One limitation of our study includes the use of primary gastric epithelial cells, which are unlikely to be perfectly pure cultures. Importantly, only ~1.5% of cultured cells in the monolayers did not express periodic acid-Schiff-positive material in their cytoplasm. It remains possible that the low levels of mature IL-18 produced from the primary gastric cell cultures originated from contaminating nonepithelial cells.
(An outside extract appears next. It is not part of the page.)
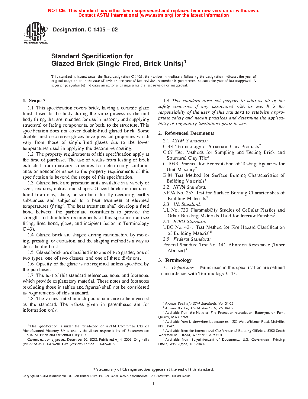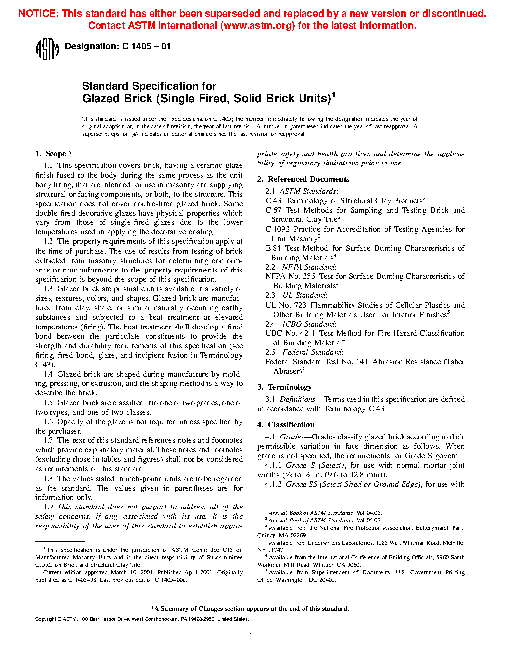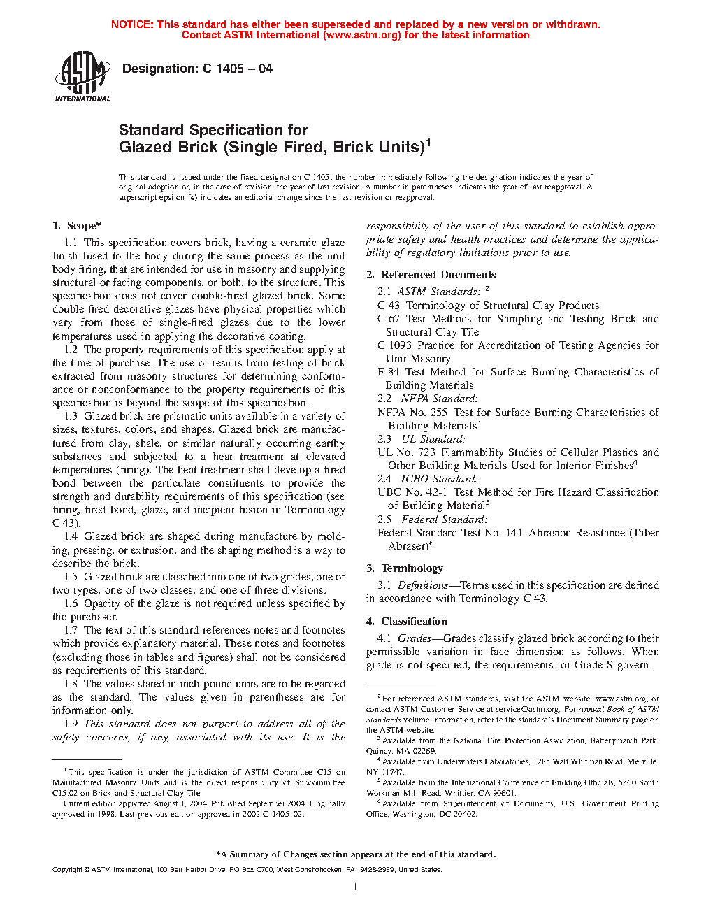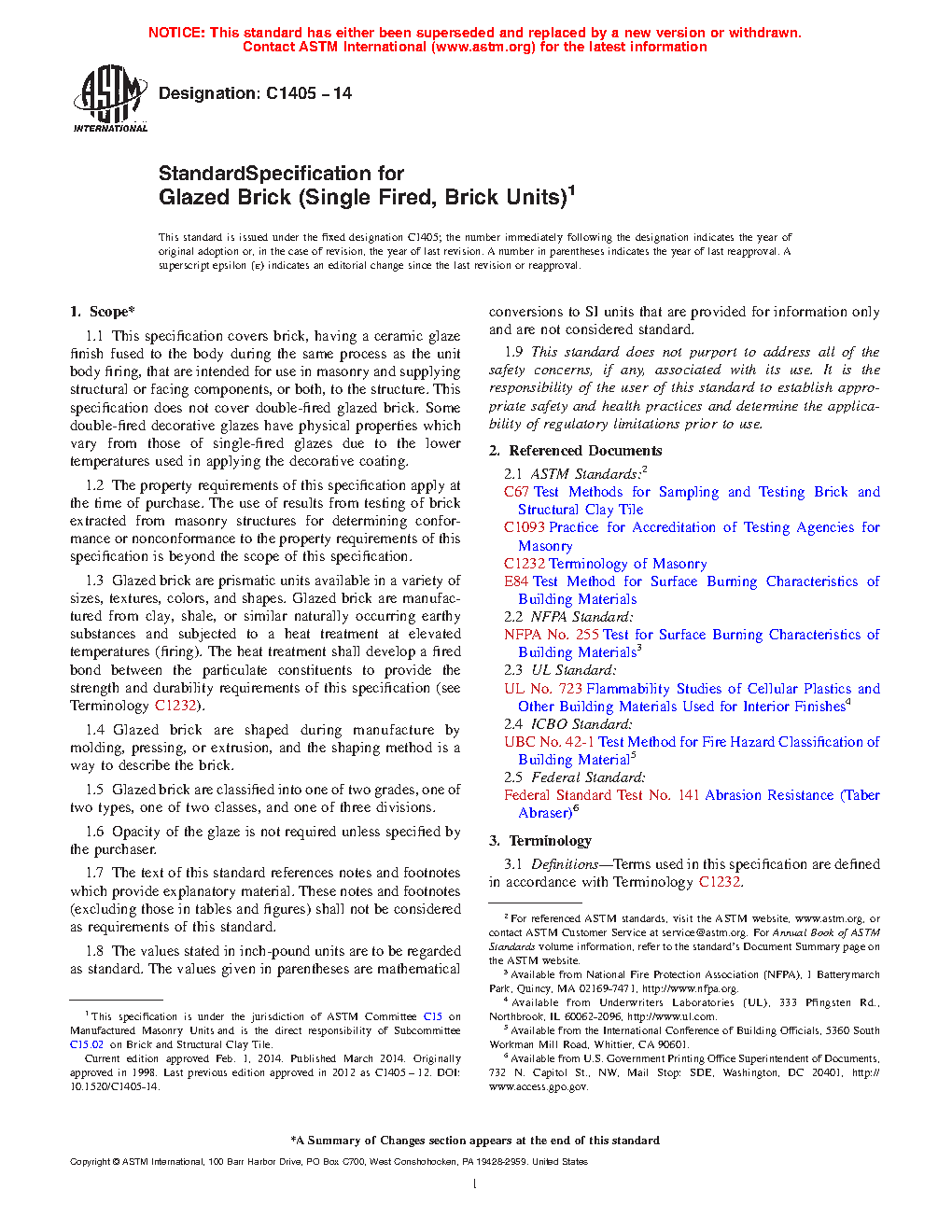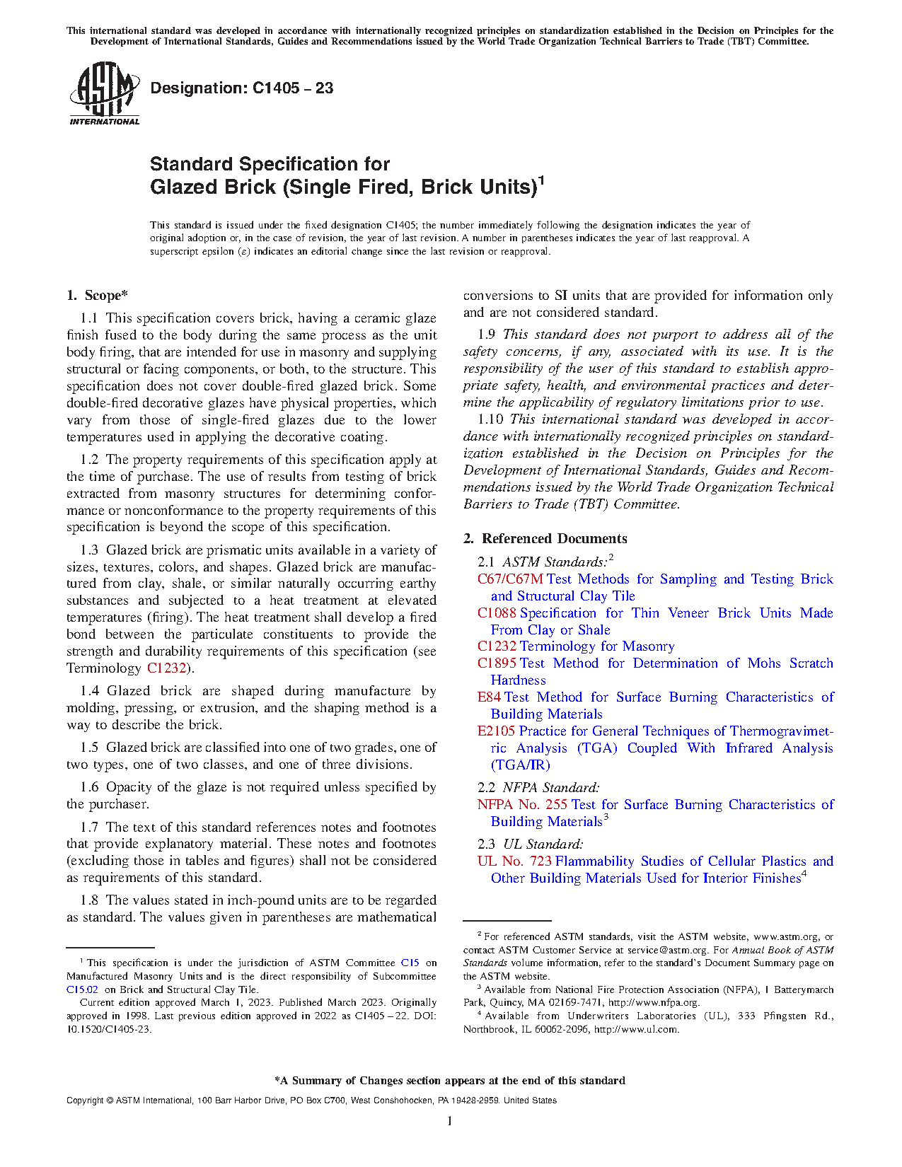 1.1 This specification covers brick, having a ceramic glaze finish fused to the body during the same process as the unit body firing, that are intended for use in masonry and supplying structural or facing components, or both, to the structure. This specification does not cover double-fired glazed brick. Some double-fired decorative glazes have physical properties, which vary from those of single-fired glazes due to the lower temperatures used in applying the decorative coating.

Subsequent studies will be required that immunolocalize IL-18 within the gastric mucosa to define the relative contributions of the epithelial and inflammatory cells in terms of IL-18 expression.

We examined the transcriptional regulation of IL-18 promoter activity by luciferase reporter gene assay and EMSA. Luciferase reporter gene assay using serial deleted plasmids and EMSA showed that AP-1 played a major role in IL-18 transcription in AGS cells. It is well known that MAPK pathways, especially the ERK and JNK pathways, are involved in AP-1 activation. The fact that inhibition of the ERK pathway eliminated H. pylori-related IL-18 induction, and that supershift analysis showed that c-Jun, which is downstream of JNK, bound to the AP-1 site of the IL-18 promoter, support the hypothesis that H. pylori activated ERK/JNK→AP-1 pathways is followed by IL-18 induction in AGS cells. Interestingly, the same pathways also play important roles in THP-1 cells. EMSA and chemical inhibitor experiments showed that the NF-κB pathway also is involved in IL-18 induction in both AGS cells and THP-1 cells. Overall, although actual components of H. pylori (cag PAI, OipA, or unknown heat-resistant factors) may differ between gastric epithelial cells and THP-1 cells, the major signaling pathways appear to be similar.

Finally, we also examined the binding of the transcription factor PU.1 to the IL-18 promoter. Kalina et al. (28) previously reported that the regulatory region-related to the sodium butyrate-induced expression of IL-18 in THP-1 cells was the PU.1 consensus binding site. However, we failed to detect a relationship between PU.1 binding and H. pylori-induced IL-18 induction, suggesting that the signaling pathways of H. pylori-induced IL-18 differ from that of sodium butyrate induced IL-18 in THP-1 cells.